The full listing, minus its pictures, should be printed again exactly as it stands.
━━ Information supplied ━━
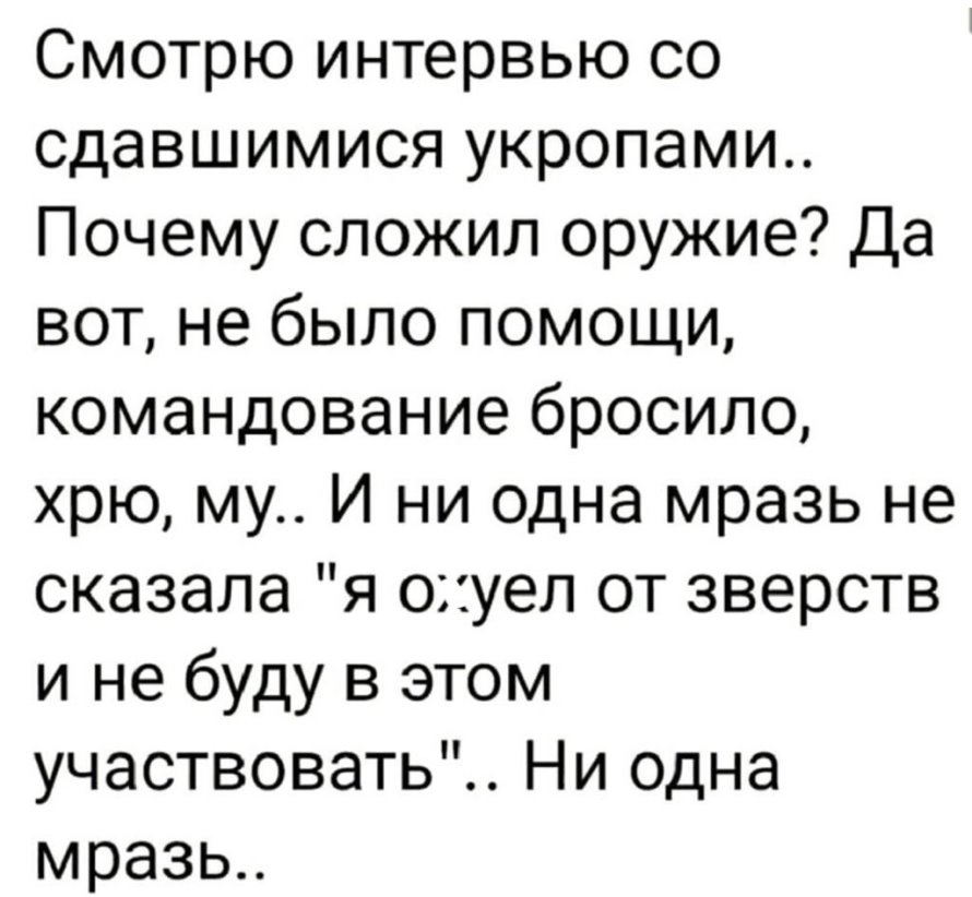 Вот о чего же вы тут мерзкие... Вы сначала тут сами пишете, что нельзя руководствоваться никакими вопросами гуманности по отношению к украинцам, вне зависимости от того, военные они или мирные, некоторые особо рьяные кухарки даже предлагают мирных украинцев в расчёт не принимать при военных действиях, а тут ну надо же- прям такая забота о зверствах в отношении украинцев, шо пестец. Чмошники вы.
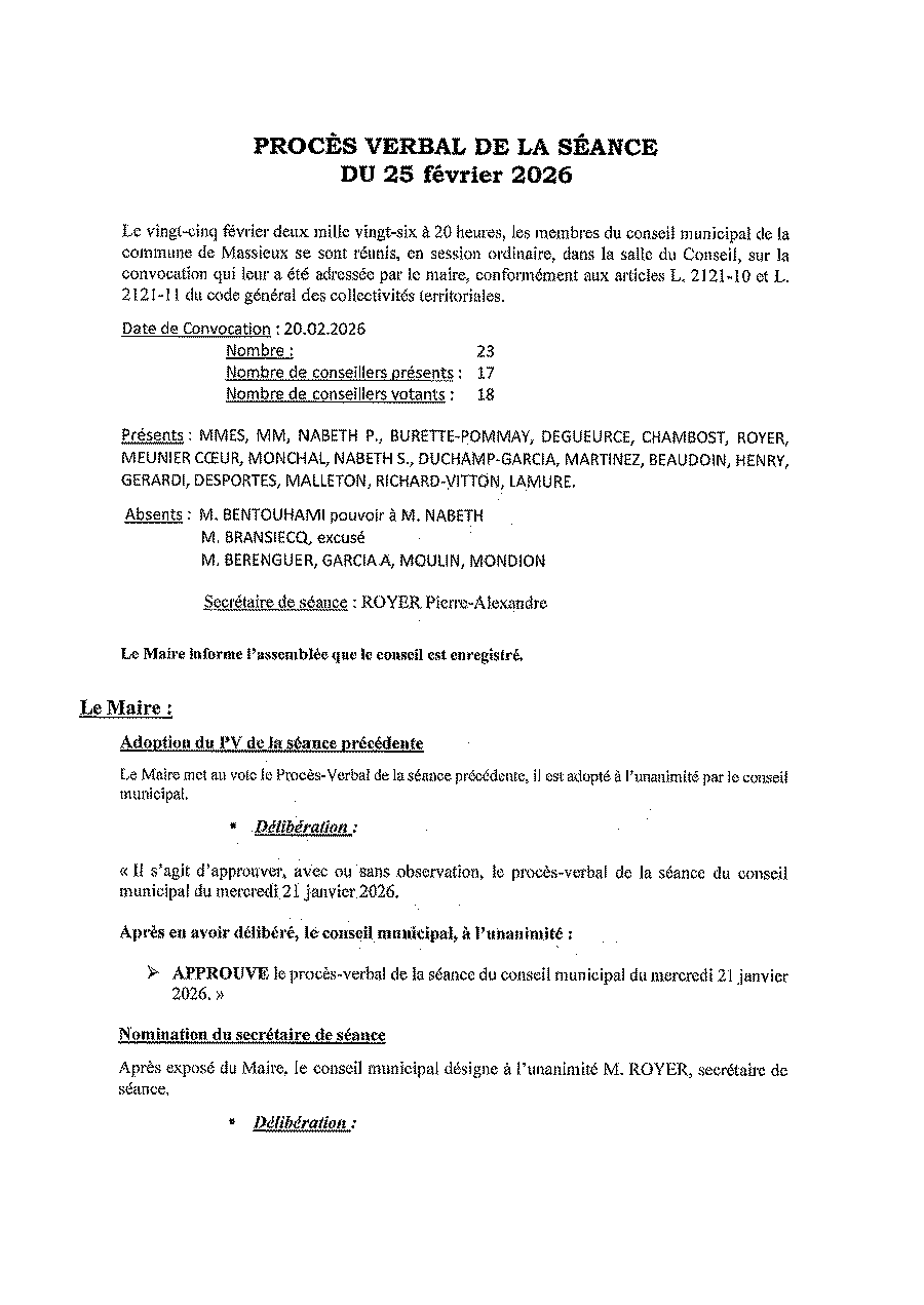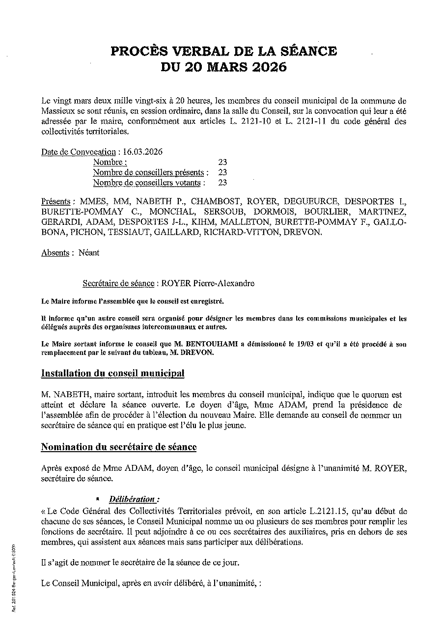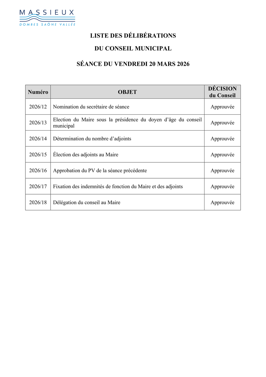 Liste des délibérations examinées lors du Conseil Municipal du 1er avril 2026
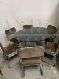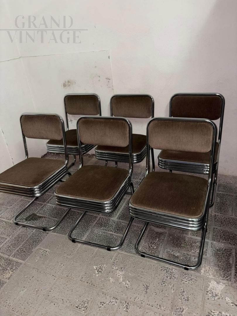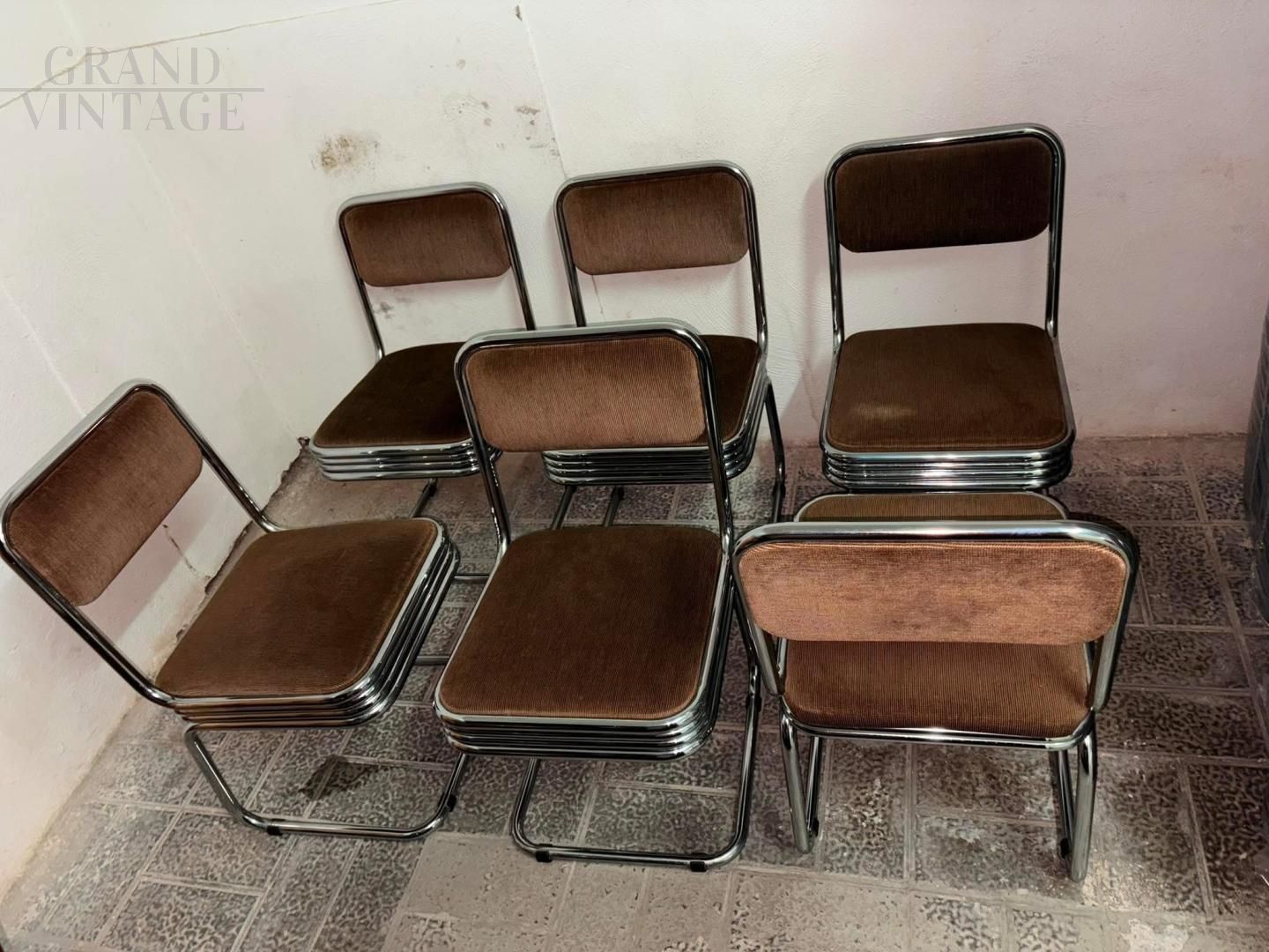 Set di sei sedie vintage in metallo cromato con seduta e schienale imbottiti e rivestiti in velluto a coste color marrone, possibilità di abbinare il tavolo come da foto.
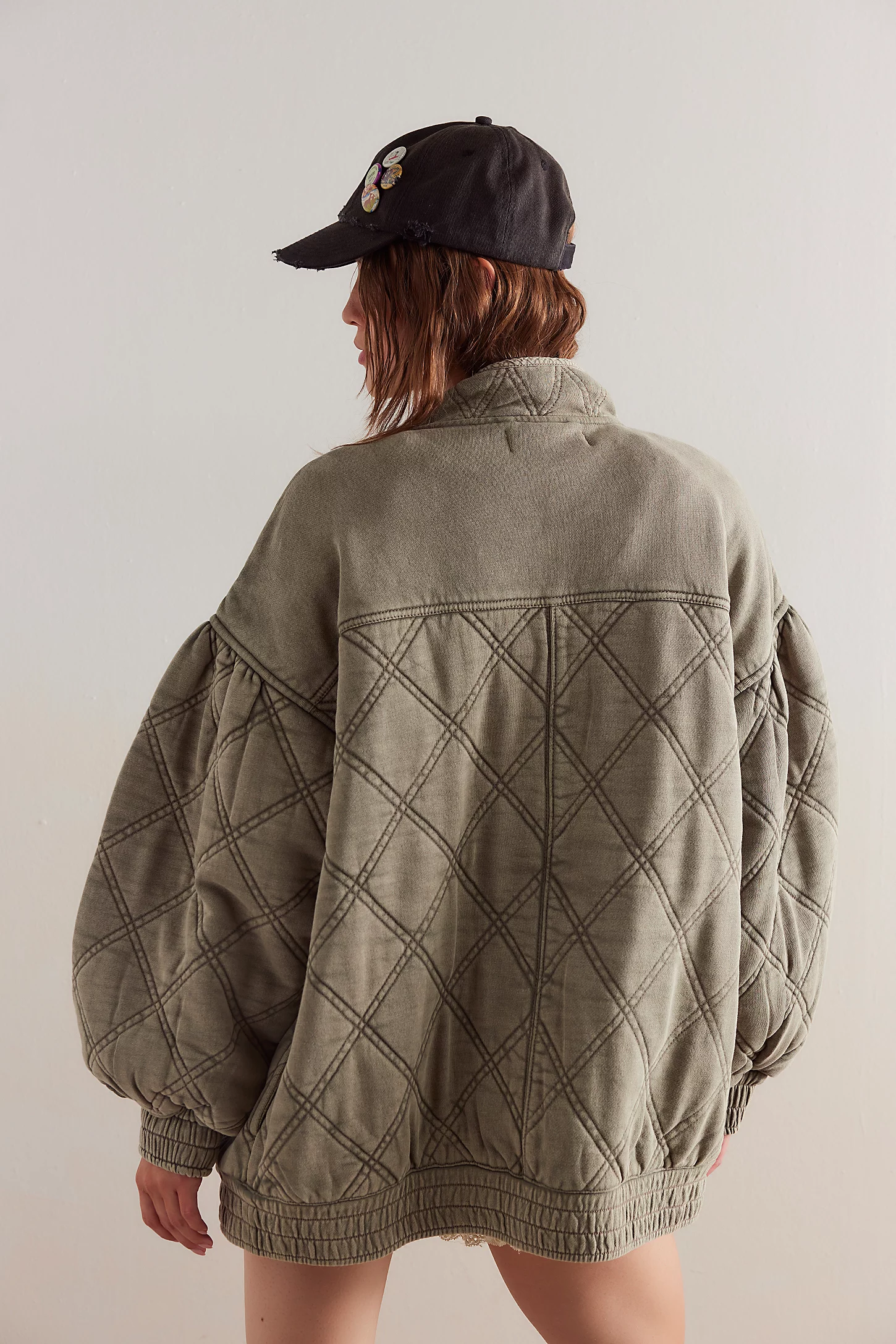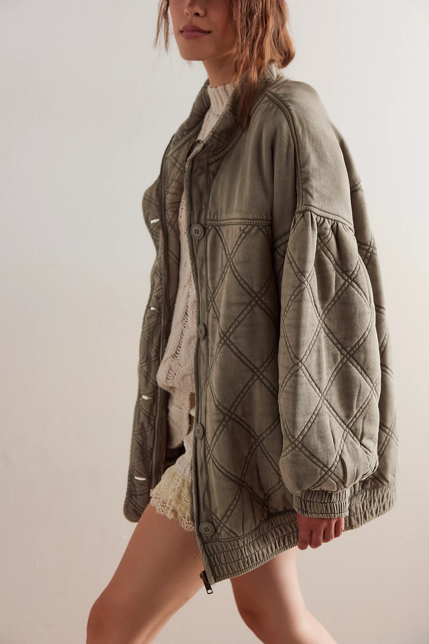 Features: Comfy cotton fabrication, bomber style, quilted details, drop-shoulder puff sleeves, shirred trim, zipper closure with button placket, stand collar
━━━
| Answer for the task |
 Вот о чего же вы тут мерзкие... Вы сначала тут сами пишете, что нельзя руководствоваться никакими вопросами гуманности по отношению к украинцам, вне зависимости от того, военные они или мирные, некоторые особо рьяные кухарки даже предлагают мирных украинцев в расчёт не принимать при военных действиях, а тут ну надо же- прям такая забота о зверствах в отношении украинцев, шо пестец. Чмошники вы.
 Liste des délibérations examinées lors du Conseil Municipal du 1er avril 2026
 Set di sei sedie vintage in metallo cromato con seduta e schienale imbottiti e rivestiti in velluto a coste color marrone, possibilità di abbinare il tavolo come da foto.
 Features: Comfy cotton fabrication, bomber style, quilted details, drop-shoulder puff sleeves, shirred trim, zipper closure with button placket, stand collar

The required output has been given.